Another advantage is its ability to store data more reliably than other types of flash memory. This is due to the way it is manufactured. LPDDR flash memory uses a process called Charge Trap Flash (CTF) which prevents data corruption by trapping electrons in a layer of insulation. This makes it less prone to data loss due to power outages or other environmental factors.

Finally, LPDDR flash memory is less expensive than other types of flash memory. This makes it a more affordable option for consumer electronics and other applications that need reliable memory.

As the automotive industry continues to evolve, the requirements for Flash Memory are becoming increasingly demanding.

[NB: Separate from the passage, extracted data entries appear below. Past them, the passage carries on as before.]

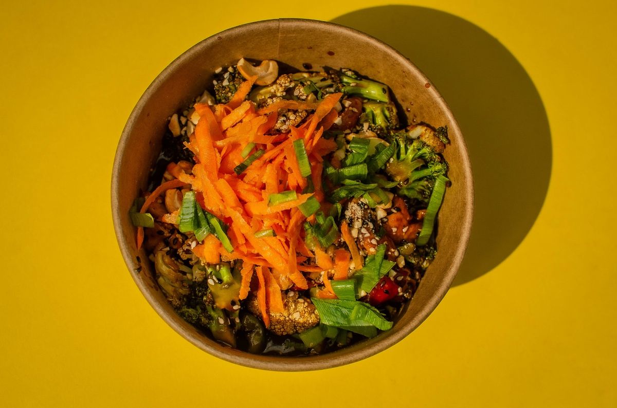 Pollo salteado en salsa teriyaki con brócoli, zanahoria, coliflor, apio, chile dulce y cebollino.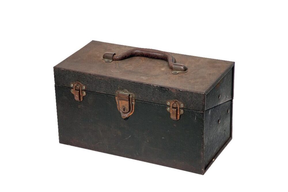 箱はメタル製。高さ6インチ、長さ12インチ、幅6インチと小ぶりなサイズで内部には5つの仕切りを備えたトップトレイが2つ付く。1920年代製ながら保管状態も抜群の備品。2万6000円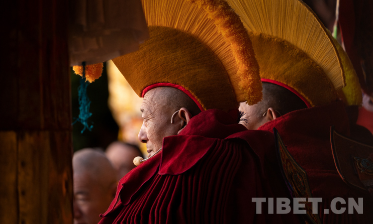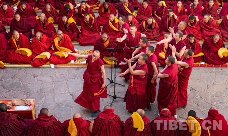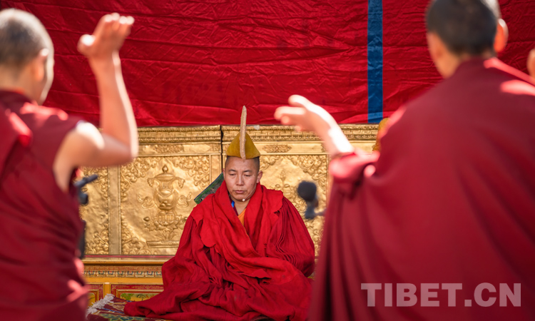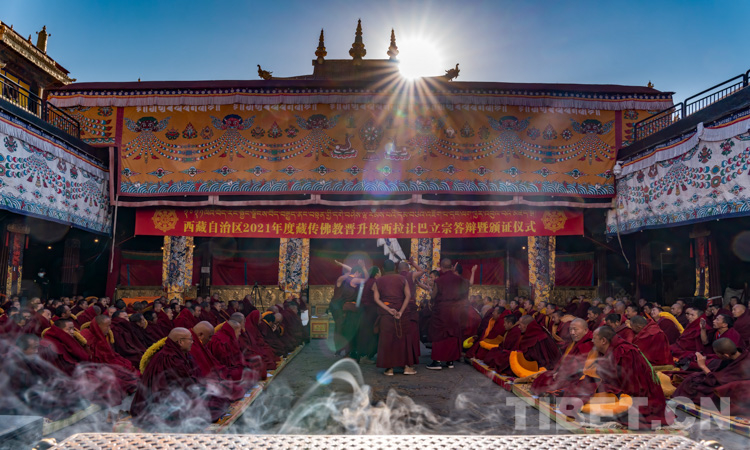 圖為西藏自治區(qū)2021年度藏傳佛教學(xué)經(jīng)僧人考核晉升格西拉讓巴學(xué)位立宗答辯暨頒證儀式現(xiàn)場(chǎng) 攝影:趙耀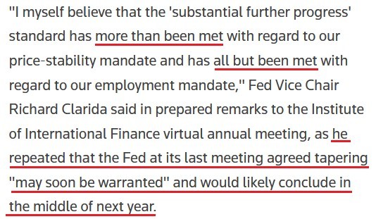 Also making the rounds, Fed Vice Chairman Richard Clarida supported the hawkish rhetoric on Oct. 12. Speaking at the Institute of International Finance’s virtual annual meeting, he said that “the risks to inflation are to the upside.” And after conceding that “the big unknown right now is how long it will take for these bottleneck effects to work their way through,” he admitted: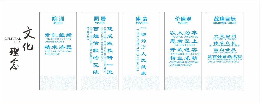 文化建设医院重视文化建设,围绕院训、愿景、使命、价值观和战略目标等核心文化, 积极宣传引导,推行有温度的医疗,增强员工的凝聚力和向心力。

Flash Memory must be highly reliable and able to withstand the high temperatures and vibrations of automotive environments, as well as have low power consumption. Additionally, Flash Memory must have fast read and write speeds to support the data transfer demands of the automotive industry, be secure enough to protect automotive data from unauthorized access and be cost-efficient in order to be economically viable for automotive applications.

The industry-first automotive LPDDR flash memory from Infineon is an important step in the automotive industry. This new memory technology will enable automotive manufacturers to create powerful, cost-effective solutions for the onboard computing needs of modern cars and trucks. It will also give car manufacturers the flexibility to design and develop systems that are tailored to the specific needs of their vehicles.